Whereas liquidity stays restricted, this quantity of unlocked tokens may put strain on the value, particularly if it’s not accompanied by a corresponding improve in demand.
Community upgrades present restricted however notable help
Just lately, Pi Community introduced the profitable deployment of the mainnet improve to Protocol 21.
The Pi Mainnet has efficiently upgraded to Protocol 21.
Node operators, please guarantee your methods are updated and keep tuned for directions concerning the upcoming v22 improve.
— Pi Community (@PiCoreTeam) April 14, 2026
In line with preliminary data, this improve is anticipated to enhance community efficiency and lay the inspiration for subsequent variations, together with the talked about Protocol 22. Whereas it is a optimistic sign for product improvement, the short-term influence on worth could stay restricted as technical components and provide strain proceed to play a dominant position.
Can Pi reclaim $0.20 within the close to time period?

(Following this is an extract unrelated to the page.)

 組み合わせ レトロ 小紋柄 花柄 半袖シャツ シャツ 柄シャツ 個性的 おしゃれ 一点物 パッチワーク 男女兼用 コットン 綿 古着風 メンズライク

Pi’s means to reclaim the $0.20 mark within the brief time period will rely on whether or not the value can recapture the important thing resistance zones above. Most instantly, the $0.17–$0.18 space stays the primary barrier to beat to bolster a restoration sign.

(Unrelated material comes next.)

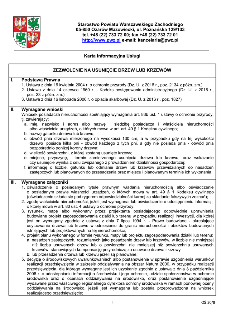 Starostwo Powiatu Warszawskiego Zachodniego 05-850 Ożarów Mazowiecki, ul. Poznańska 129/133 tel. +48 (22) 733 72 00; fax +48 (22) 733 72 01 http://www.pwz.pl e-mail: [email protected] Karta Informacyjna Usługi ZEZWOLENIE NA USUNIĘCIE DRZEW LUB KRZEWÓW I. Podstawa Prawna 1. Ustawa z dnia 16 kwietnia 2004 r. o ochronie przyrody (Dz. U. z 2016 r., poz. 2134 z późn. zm.) 2. Ustawa z dnia 14 czerwca 1960 r. - Kodeks postępowania administracyjnego (Dz. U. z 2016 r., poz. 23 z późn. zm.) 3. Ustawa z dnia 16 listopada 2006 r. o opłacie skarbowej (Dz. U. z 2016 r., poz. 1827) II. Wymagane wnioski Wniosek posiadacza nieruchomości spełniający wymagania art. 83b ust. 1 ustawy o ochronie przyrody, tj. zawierający: a. imię, nazwisko i adres albo nazwę i siedzibę posiadacza i właściciela nieruchomości albo właściciela urządzeń, o których mowa w art. art. 49 § 1 Kodeksu cywilnego; b. nazwę gatunku drzewa lub krzewu; c. obwód pnia drzewa mierzonego na wysokości 130 cm, a w przypadku gdy na tej wysokości drzewo posiada kilka pni - obwód każdego z tych pni, a gdy nie posiada pnia - obwód pnia bezpośrednio poniżej korony drzewa; d. wielkość powierzchni, z której zostaną usunięte krzewy; e. miejsce, przyczynę, termin zamierzonego usunięcia drzewa lub krzewu, oraz wskazanie czy usunięcie wynika z celu związanego z prowadzeniem działalności gospodarczej; f. informację o liczbie, gatunku lub odmianie drzew lub krzewów przewidzianych do nasadzeń zastępczych lub planowanych do przesadzenia oraz miejscu i planowanym terminie ich wykonania. III. Wymagane załączniki 1. oświadczenie o posiadanym tytule prawnym władania nieruchomością albo oświadczenie o posiadanym prawie własności urządzeń, o których mowa w art. 49 § 1 Kodeksu cywilnego (oświadczenie składa się pod rygorem odpowiedzialności karnej za składanie fałszywych zeznań); 2. zgodę właściciela nieruchomości, jeżeli jest wymagana, lub oświadczenie o udostępnieniu informacji, o której mowa w art. 83 ust. 4 ustawy o ochronie przyrody; 3. rysunek, mapę albo wykonany przez projektanta posiadającego odpowiednie uprawnienia budowlane projekt zagospodarowania działki lub terenu w przypadku realizacji inwestycji, dla której jest on wymagany zgodnie z ustawą z dnia 7 lipca 1994 r. - Prawo budowlane - określające usytuowanie drzewa lub krzewu w odniesieniu do granic nieruchomości i obiektów budowlanych istniejących lub projektowanych na tej nieruchomości; 4. projekt planu wykonanego w formie rysunku, mapy lub projektu zagospodarowania działki lub terenu: a. nasadzeń zastępczych, rozumianych jako posadzenie drzew lub krzewów, w liczbie nie mniejszej niż liczba usuwanych drzew lub o powierzchni nie mniejszej niż powierzchnia usuwanych krzewów, stanowiących kompensację przyrodniczą za usuwane drzewa i krzewy b. lub przesadzenia drzewa lub krzewu jeżeli są planowane; 5. decyzję o środowiskowych uwarunkowaniach albo postanowienie w sprawie uzgodnienia warunków realizacji przedsięwzięcia w zakresie oddziaływania na obszar Natura 2000, w przypadku realizacji przedsięwzięcia, dla którego wymagane jest ich uzyskanie zgodnie z ustawą z dnia 3 października 2008 r. o udostępnianiu informacji o środowisku i jego ochronie, udziale społeczeństwa w ochronie środowiska oraz o ocenach oddziaływania na środowisko, oraz postanowienie uzgadniające wydawane przez właściwego regionalnego dyrektora ochrony środowiska w ramach ponownej oceny oddziaływania na środowisko, jeżeli jest wymagana lub została przeprowadzona na wniosek realizującego przedsięwzięcie; 1 OŚ 30/8 6. zezwolenie w stosunku do gatunków chronionych na czynności podlegające zakazom określonym w art. 51 ust. 1 pkt 1-4 i 10 oraz w art. 52 ust. 1 pkt 1, 3, 7, 8, 12, 13 i 15 ustawy o ochronie przyrody, jeżeli zostało wydane. 7. Oryginał pełnomocnictwa lub urzędowo poświadczony odpis pełnomocnictwa1. IV. Dokumenty do wglądu Brak V. Opłaty Opłaty skarbowe: - 17 zł w przypadku złożenia pełnomocnictwa Opłaty skarbowe można uiścić w kasie Starostwa lub na rachunek bankowy Starostwa: GETIN NOBLE BANK S.A. ul. Przyokopowa 33, 01-208 Warszawa Nr 68156000132371405530000014 lub na rachunek bankowy Urzędu Miejskiego w Ożarowie Mazowieckim: PKO BP S.A. Nr 31 1020 1185 0000 4102 0019 1726. Zwalnia się od opłaty skarbowej: a. pod warunkiem wzajemności, państwa obce, ich przedstawicielstwa dyplomatyczne, urzędy konsularne i siły zbrojne, międzynarodowe organizacje i instytucje oraz ich oddziały i przedstawicielstwa, korzystające na podstawie ustaw, umów lub powszechnie uznanych zwyczajów międzynarodowych z przywilejów i immunitetów, a także członków ich personelu i inne osoby zrównane z nimi, jeżeli nie są one obywatelami polskimi i nie mają miejsca stałego pobytu na terytorium Rzeczypospolitej Polskiej; b. jednostki budżetowe; c. jednostki samorządu terytorialnego; d. organizacje pożytku publicznego, jeżeli dokonują zgłoszenia lub składają wniosek o dokonanie czynności urzędowej albo wniosek o wydanie zaświadczenia lub zezwolenia - wyłącznie w związku z nieodpłatną działalnością pożytku publicznego w rozumieniu przepisów o działalności pożytku publicznego i o wolontariacie; e. osoby, które dokonując zgłoszenia lub składając wniosek o dokonanie czynności urzędowej albo wniosek o wydanie zaświadczenia lub zezwolenia (pozwolenia, koncesji) albo składając dokument stwierdzający udzielenie pełnomocnictwa lub prokury albo jego odpis, wypis lub kopię przedstawią zaświadczenie o korzystaniu ze świadczeń pomocy społecznej z powodu ubóstwa. VI. Termin załatwienia sprawy Do 1 miesiąca, a sprawy szczególnie skomplikowanej do 2 miesięcy. Do terminów załatwienia sprawy nie wlicza się terminów przewidzianych w przepisach prawa dla dokonania określonych czynności, okresów zawieszenia postępowania oraz okresów opóźnień spowodowan

A transparent breakout above the $0.20 mark may pave the best way for the value to go towards the $0.28 zone, which marks the current peak. Conversely, if Pi fails to carry help round $0.157, downward strain may pull the value again to the February backside ($0.13).
At current, the value is more likely to proceed fluctuating inside the $0.16–$0.18 vary, as macro and geopolitical components could have an effect on danger urge for food, thereby limiting capital move into property like altcoins.
No confirmed reversal but
Pi Community is recording early indicators of stabilization as bearish momentum weakens, in response to MACD indicator knowledge. Nevertheless, the long-term downtrend has not but been damaged.
Stress from excessive provide, restricted liquidity, and a weak technical construction continues to be an element hindering a restoration. The prospects for restoration will rely on the value’s means to beat key short-term resistance zones.